[Stored data entries]
■ ■ ■ ■ ■

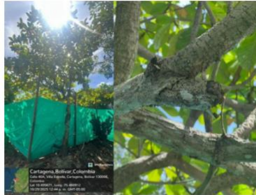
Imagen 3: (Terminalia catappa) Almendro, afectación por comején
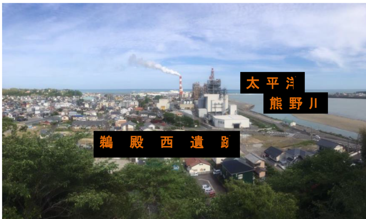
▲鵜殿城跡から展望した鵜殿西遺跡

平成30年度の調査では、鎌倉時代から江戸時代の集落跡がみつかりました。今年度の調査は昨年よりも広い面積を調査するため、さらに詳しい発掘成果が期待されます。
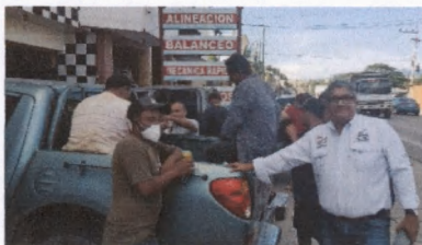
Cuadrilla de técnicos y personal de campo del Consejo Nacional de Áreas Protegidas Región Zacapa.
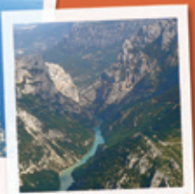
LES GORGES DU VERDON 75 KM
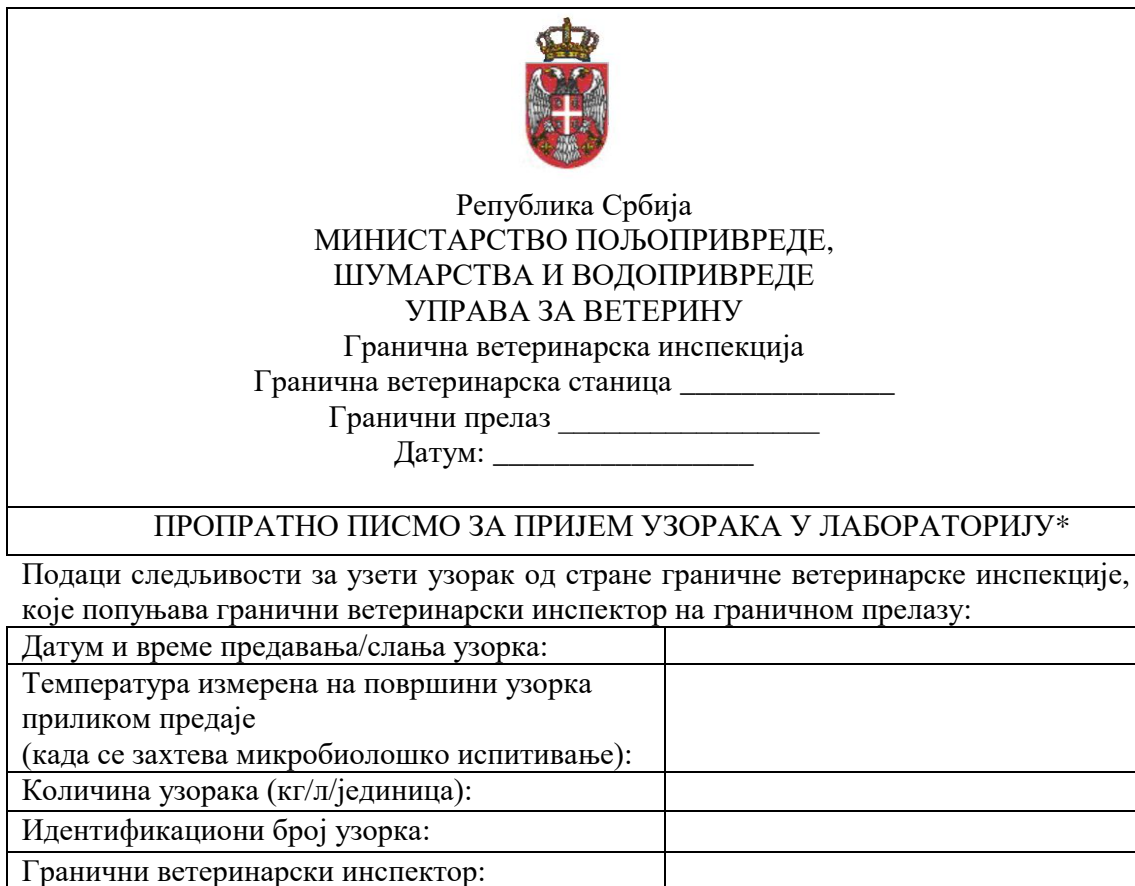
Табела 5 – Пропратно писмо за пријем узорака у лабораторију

■ ■ ■ ■ ■

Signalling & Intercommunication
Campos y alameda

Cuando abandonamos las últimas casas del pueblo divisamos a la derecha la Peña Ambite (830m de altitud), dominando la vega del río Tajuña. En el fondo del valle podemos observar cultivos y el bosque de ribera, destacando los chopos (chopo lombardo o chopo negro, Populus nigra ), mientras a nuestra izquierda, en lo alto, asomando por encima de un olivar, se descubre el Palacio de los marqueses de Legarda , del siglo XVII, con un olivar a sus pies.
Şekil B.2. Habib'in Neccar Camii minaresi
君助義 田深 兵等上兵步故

■ ■ ■ ■ ■

**Task prompt**
All lines above from the one containing "Signalling & Intercommunication" to the one containing "君助義 田深 兵等上兵步故" must be repeated exactly, both lines included, and no others.

**Problem solution**
Signalling & Intercommunication
Campos y alameda

Cuando abandonamos las últimas casas del pueblo divisamos a la derecha la Peña Ambite (830m de altitud), dominando la vega del río Tajuña. En el fondo del valle podemos observar cultivos y el bosque de ribera, destacando los chopos (chopo lombardo o chopo negro, Populus nigra ), mientras a nuestra izquierda, en lo alto, asomando por encima de un olivar, se descubre el Palacio de los marqueses de Legarda , del siglo XVII, con un olivar a sus pies.
Şekil B.2. Habib'in Neccar Camii minaresi
君助義 田深 兵等上兵步故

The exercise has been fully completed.